=== GIVEN MATERIAL ===

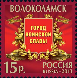30 января 2013 года Почта России выпустила почтовую марку, а 17 октября 2013 года Центральным банком России в обращение была выпущена памятная монета «Город воинской славы Волоколамск» номиналом 10 рублей[12]. Ещё одним символом стал Меч Победы, вручённый Волоколамску, как и другим городам воинской славы, 9 июня 2022 года в зале Славы Музея Победы в парке Победы на Поклонной горе в Москве. Изготовленный в Златоусте меч покрыт золотом высшей 999,9 пробы и инкрустирован уральскими самоцветами — гранатами, символизирующими пролитую кровь, и голубыми топазами, которые считаются символом мира. Длина мечей составляет 1,2 метра, вес — более пяти килограммов. На клинке, украшенном растительным орнаментом, высечены знаменитые слова князя Александра Невского: «Кто с мечом к нам придёт, тот от меча и погибнет». Ранее, в апреле 2015 года, аналогичные Мечи Победы были переданы на вечное хранение городам-героям[13][14].
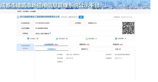 根據(jù)2021年印發(fā)的《成都市建設工程質量檢測機構及檢測人員信用評價管理辦法》,成都市建筑市場信用信息公示平臺綜合考慮檢驗檢測機構在經(jīng)營期間各項表現(xiàn),對獲得表彰、人員管理、設備管理、檢驗檢測環(huán)境管理、檢測能力驗證、檢測報告管理、資質運行等26個項目進行評價,力求全面客觀評價檢驗檢測機構綜合能力。信用評級結果分為4類,最高等級為A類,表示誠信度較高、各項評價指標較好、質量管理水平較好、社會信譽較高。
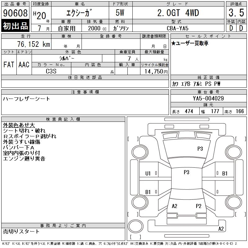 Все аукционы SUBARU EXIGA
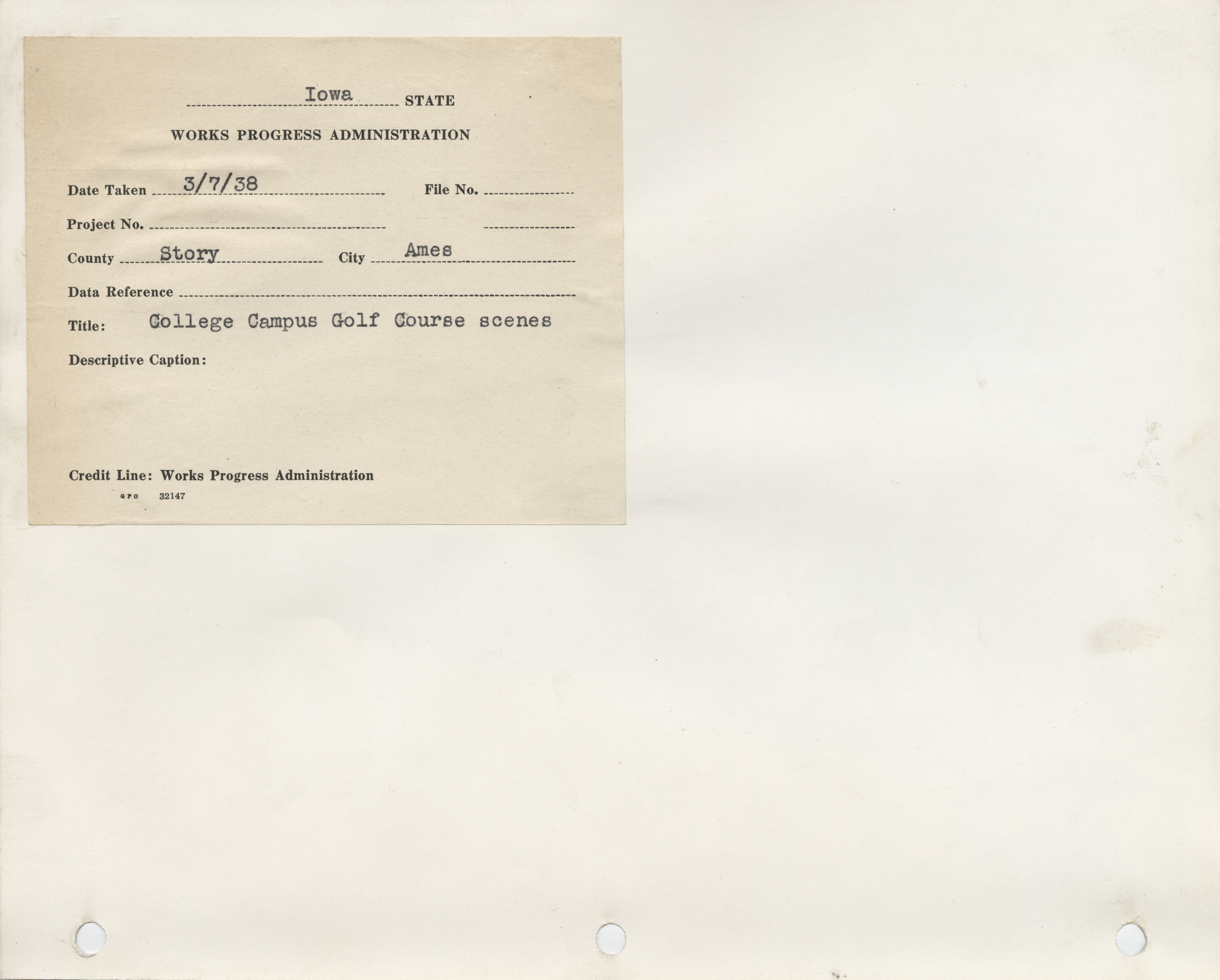 - District 4. Story County. Ames. College Golf Course, now Veenker Memorial Golf Course. Project 582. (11 b/w photographs), 1936

===

• [WORK REQUEST]: The listing above should be transcribed word for word, with its pictures left out.

• [SOLUTION]:
30 января 2013 года Почта России выпустила почтовую марку, а 17 октября 2013 года Центральным банком России в обращение была выпущена памятная монета «Город воинской славы Волоколамск» номиналом 10 рублей[12]. Ещё одним символом стал Меч Победы, вручённый Волоколамску, как и другим городам воинской славы, 9 июня 2022 года в зале Славы Музея Победы в парке Победы на Поклонной горе в Москве. Изготовленный в Златоусте меч покрыт золотом высшей 999,9 пробы и инкрустирован уральскими самоцветами — гранатами, символизирующими пролитую кровь, и голубыми топазами, которые считаются символом мира. Длина мечей составляет 1,2 метра, вес — более пяти килограммов. На клинке, украшенном растительным орнаментом, высечены знаменитые слова князя Александра Невского: «Кто с мечом к нам придёт, тот от меча и погибнет». Ранее, в апреле 2015 года, аналогичные Мечи Победы были переданы на вечное хранение городам-героям[13][14].
 根據(jù)2021年印發(fā)的《成都市建設工程質量檢測機構及檢測人員信用評價管理辦法》,成都市建筑市場信用信息公示平臺綜合考慮檢驗檢測機構在經(jīng)營期間各項表現(xiàn),對獲得表彰、人員管理、設備管理、檢驗檢測環(huán)境管理、檢測能力驗證、檢測報告管理、資質運行等26個項目進行評價,力求全面客觀評價檢驗檢測機構綜合能力。信用評級結果分為4類,最高等級為A類,表示誠信度較高、各項評價指標較好、質量管理水平較好、社會信譽較高。
 Все аукционы SUBARU EXIGA
 - District 4. Story County. Ames. College Golf Course, now Veenker Memorial Golf Course. Project 582. (11 b/w photographs), 1936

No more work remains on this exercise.